Other-dimensional experiences: Subjective, Objective, or Both?
by Dan Neiman
We don’t often think about it, but all of our experiences are subjective. They are experiences had by only one. I have my experiences, you have your experiences, and Bill Gates has his. All of your experiences occur in the sphere of your own mind and are different from other peoples. There is, of course, an objective component to experience. If you and I both experience seeing a car accident and then discuss what happened afterwards, we might very well agree about a lot of what happened. “Yeah, this blue car was changing lanes and didn’t see the white car beside him and rammed right into him. Then the driver of the white car got out and was swearing at the blue car’s driver.” Of course, there will also be differences in what you remember seeing, such as the color of the driver’s shirt, but the main events should be congruent. Since our two experiences correlate to a high degree we logically assume that the event is independent of any one of our minds. In other words, it’s not a subjective imagining or hallucination.
These sorts of shared experiences clue us into an objectively existing reality independent of any one person’s mind. The same is true for experiences in another dimension. When we have a number of people claiming to have been abducted by aliens we can compare accounts, and if those accounts have a high degree of correlation we will assume that they are not imagining these experiences. The same is true for Near-Death Experiences. We look at the common elements, such as the realms they visit or the beings they encounter. Then we make the logical inference that this is a real objective experience. Actually, the experience is real whether it’s subjective or objective. I mean, just think about it. Your experiences are real to you even if they aren’t shared by anyone else. You can’t read my thoughts, but I will bet my life savings that my thoughts are absolutely real. What’s real is what we experience. That’s what is real to us. And all experience is subjective. This idea of an objective experience is simply one where there is a high degree of correlation between many peoples’ subjective experiences.

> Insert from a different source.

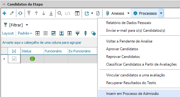 Ao chegar à última etapa do processo de seleção e estiver(em) definido(s) o(s) candidato(s) que será(ão) contratado(s), é necessário realizar o processo “Inserir em Processo de Admissão”. A execução desse processo apresenta os candidatos aptos, altera o status do candidato para “em processo de admissão”, e coloca os candidatos selecionados disponíveis para admissão como um funcionário.
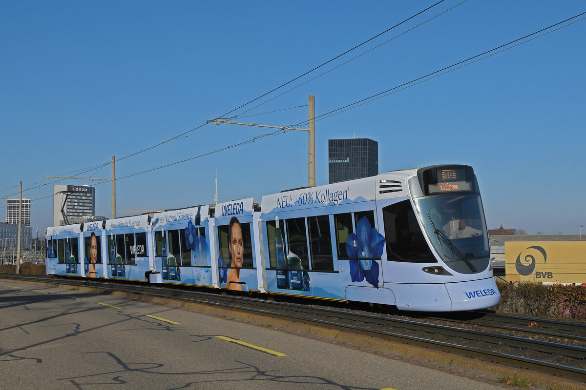 Be 6/10 Tango 182 mit der Weleda Werbung, auf der Linie 10, fährt am 27.12.2024 zur Haltestelle Münchensteinerstrasse. Aufnahme Basel.

With that said, there’s also a lot of variability in other dimensional accounts, such as with UFO abductions and Near-Death Experiences. One UFO experiencer might meet gray alien types who perform a surgical operation and another might be abducted by a being of crystal-light energy who takes them to a crystal forest. Another might experience robed beings who show him holographic scenes and convey messages. Similarly, one near death experiencer might be met by a robed being who says he is Jesus and takes him to a beautiful pasture where people are playing and dancing around trees, while another might find himself by a beach on another planet in another dimension with a Spanish speaking guide named Peco.1 Another may find himself flying towards a city with beautiful buildings that look like milky glass with veins of gold running through them.2
These variations are not at all unlike what you might expect in this world. If an alien who had no idea about planet Earth or life on it came and interviewed an Amazonian tribal medicine man and a computer engineer from Los Angeles, that alien might come away thinking that they were from completely different planets! Their subjective experiences of the world would differ drastically. The tribal medicine man would speak at length about communing with plant spirits, while the actor would speak at length about operating various electronic devices. However, there would still be a lot that was similar about their experiences. For instance, both communicate by spoken word and both need to ingest food and water for survival.
We get the same kind of variance and congruity in other-dimensional experiences. Although one experiencer might interact with a gray alien and another may meet a crystal-light energy being, communication is almost invariably done by way of telepathy. This is an objective staple of other-dimensional experiences. There are other staples that are more or less common, such as the ability to float or fly, a fluid environment where you can go from one place to another very quickly (like the scene just shifts), and the ability to change one’s appearance or move by thought.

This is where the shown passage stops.